Empirical for column k (k=2 recurrence also works for k=1):
k=1: a(n)=2*a(n-1)+8*a(n-2)-16*a(n-3)
k=2: a(n)=3*a(n-1)+8*a(n-2)-30*a(n-3)+4*a(n-4)+48*a(n-5)-32*a(n-6)
k=3: a(n)=3*a(n-1)+8*a(n-2)-30*a(n-3)+4*a(n-4)+48*a(n-5)-32*a(n-6)
k=4: a(n)=3*a(n-1)+8*a(n-2)-30*a(n-3)+4*a(n-4)+48*a(n-5)-32*a(n-6)
k=5: a(n)=3*a(n-1)+8*a(n-2)-30*a(n-3)+4*a(n-4)+48*a(n-5)-32*a(n-6)
k=6: a(n)=3*a(n-1)+8*a(n-2)-30*a(n-3)+4*a(n-4)+48*a(n-5)-32*a(n-6)
k=7: a(n)=3*a(n-1)+8*a(n-2)-30*a(n-3)+4*a(n-4)+48*a(n-5)-32*a(n-6)

All.solutions.for.n=k=1..
..1..0....1..3....3..3....3..0....0..3....3..0....0..3....0..2....2..0....3..2..
..1..3....0..1....3..0....2..2....0..0....1..1....3..3....2..3....3..2....2..0..
..
..3..1....0..2....2..0....0..0....0..0....0..3....1..1....1..1....1..0....3..0..
..0..1....3..2....2..3....3..0....0..3....2..2....0..3....3..0....3..1....0..0..
..
..3..3....2..2....3..0....0..1....3..2....2..3....2..2....0..1....3..1....0..3..

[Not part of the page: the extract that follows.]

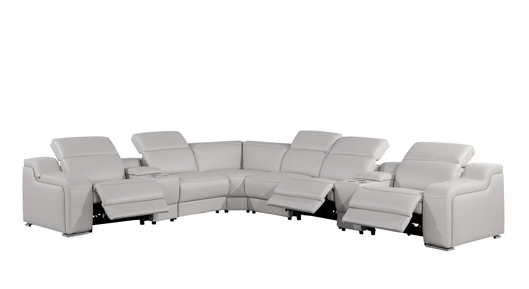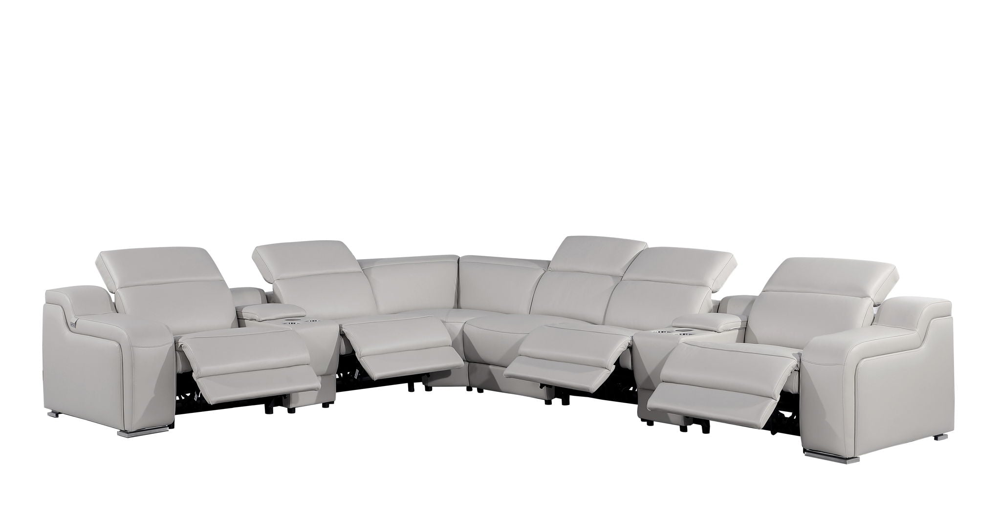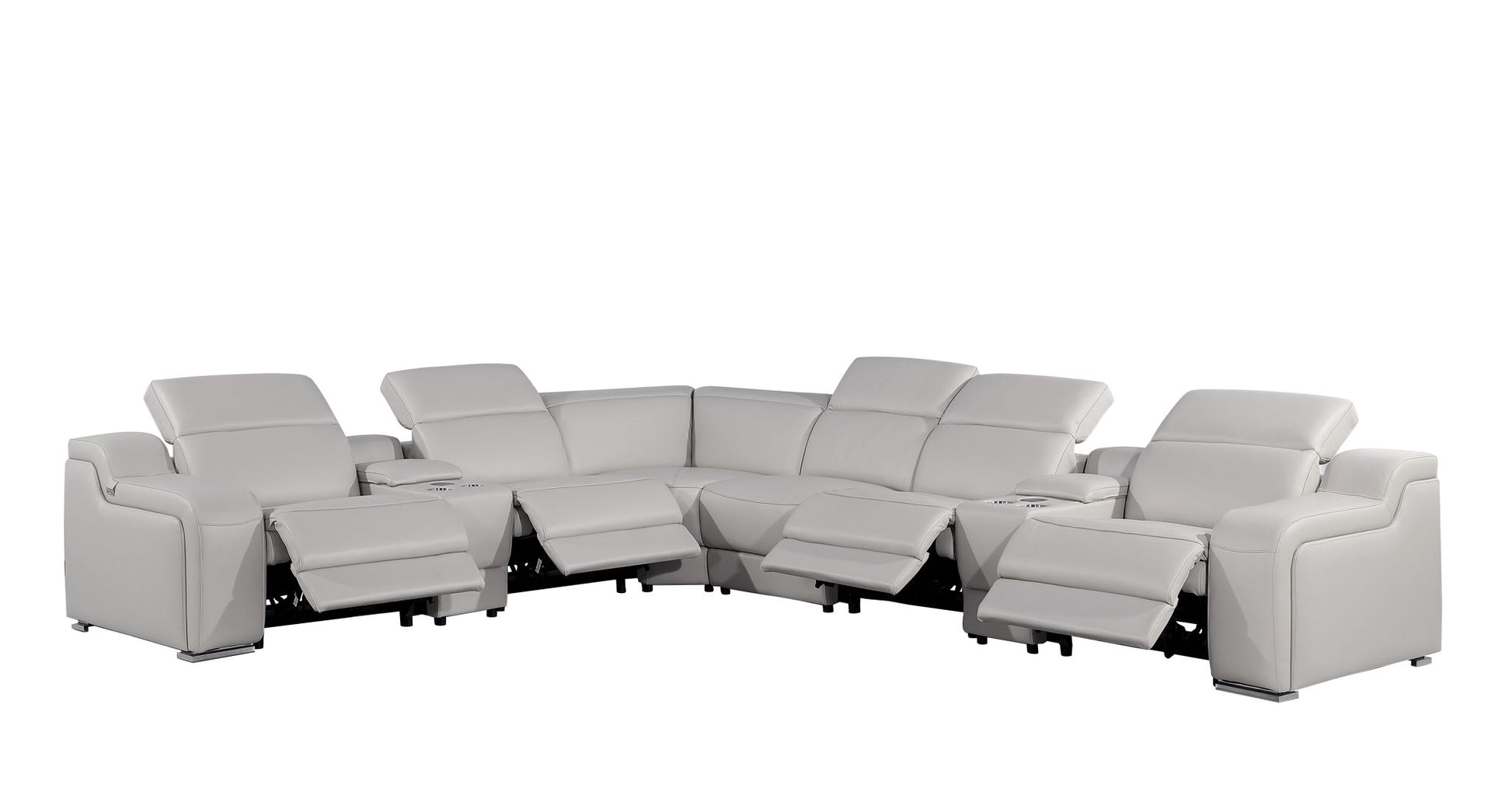 1116 - 8-Piece 3-Power Reclining Italian Leather Sectional - Light Grey

..0..3....0..3....3..3....3..1....0..2....2..0....3..0....1..3....1..0....1..1..
..
..2..3....1..3..
..0..2....1..0..


rhhardin at mindspring.com
rhhardin at att.net (either)


>________________________________
> From: Ron Hardin <rhhardin at att.net>
>To: Sequence Fanatics Discussion list <seqfan at list.seqfan.eu> 
>Sent: Tuesday, December 10, 2013 8:52 AM
>Subject: [seqfan] Constant row and column recurrence
> 
>
>This problem produces rows and columns all satisfying the same linear recurrence.
>
>/tmp/dsz
>T(n,k)=Number of (n+1)X(k+1) 0..2 arrays with every 2X2 subblock having the sum of the absolute values of all six edge and diagonal differences equal to 6
>
>Table starts
>....20....46...104...244....560..1336..3104..7504.17600..42976.101504.249664
>....46....88...170...358....754..1690..3746..8722.19906..47458.110210.266818
>...104...170...292...560...1100..2324..4924.10988.24284..56060.127132.300380
>...244...358...560...988...1816..3616..7304.15544.33064..73288.161000.......

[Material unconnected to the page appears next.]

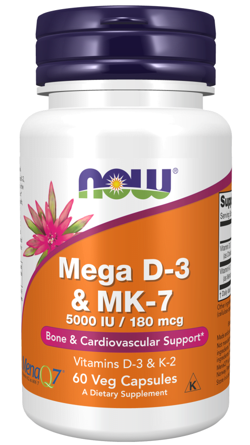 Mega D-3 & MK-7 é um suplemento alimentar para o Suporte da Saúde Óssea e Cardiovascular. Contém vitamina D3 e MK7. A vitamina D3 ajuda a promover a fixação de cálcio no osso; fortalecer a massa óssea; previnir a osteoporose e reduz o risco de fraturas; previnir a osteomalacia (fraqueza dos ossos e dos músculos) A Vitamina K2 (na forma de MenaQ7® – proveniente do grão fermentado, sem soja, com disponibilidade mais elevada) participa na fixação do cálcio na matriz óssea. Ajuda a proteger os vasos sanguíneos contra a calcificação – prevenção da arteriosclerose; previnir ataques cardíacos e derrames cerebrais; contribuir para a normal coagulação sanguínea.

>...560...754..1100..1816...3188..6076.11876.24340.50180.107044..............
>..1336..1690..2324..3616...6076.11140.21164.42076.84556.....................
>..3104..3746..4924..7304..11876.21164.39508.77060...........................
>..7504..8722.10988.15544..24340.42076.77060.................................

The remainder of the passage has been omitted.